Il boschetto finì e ci addentrammo piano nella periferia di una città.
Da dietro un cassettone, tirai fuori una coperta e gliela avvolsi attorno.
Avevo l'adrenalina a fiumi ma mi sentivo in gabbia. Avevo paura che da un momento all'altro sarebbe saltato fuori qualcuno dell'accademia.
-spacca il vetro, sembra che non ci sia nessuno qui- disse riferendosi ad una casa buia.
Annuì e dò un colpo alla finestra, riuscendo perciò con la mano ad aprirla per farci saltare dentro.
Lo faccio sedere su una sedia:
-preparati, ti faccio rientrare la spalla-
Lui annuisce e con un colpo secco gli sistemai la spalla rimettendola al suo posto.
-resta qui, mi guardo in giro- gli dico per controllare più nel dettaglio se il campo fosse libero.
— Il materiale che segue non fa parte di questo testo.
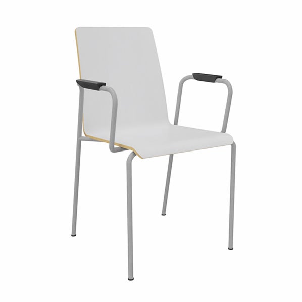 Stol Moon med 4 ben och armstöd, Sittskal Vit laminat, sitthöjd 465 mm
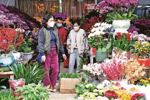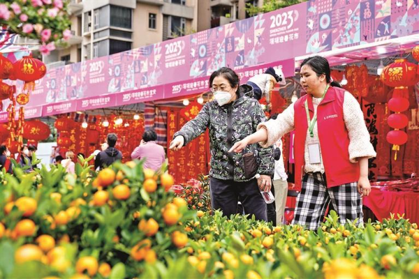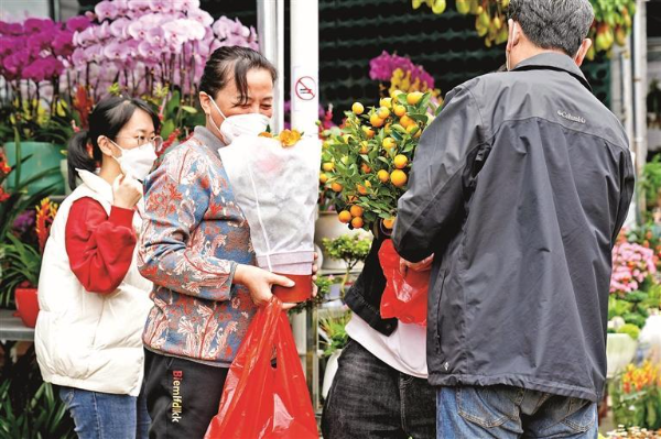 不少市民早早来到宝安迎春花市,挑选年花年桔,为新的一年讨一个好意头。

Al piano di sopra, tre camere tutte vuote, due bagni e di sotto una cucina, un salone e varie stanze secondarie.
Lo prendo su di peso: -vieni ti do una ripulita così mi racconti come sei finito all'accademia e che cosa è successo...- lo porto di sopra, lo aiuto a togliere i vestiti sporchi e il suo corpo nudo mi fa sempre un effetto strano. Ma cerco di non pensarci.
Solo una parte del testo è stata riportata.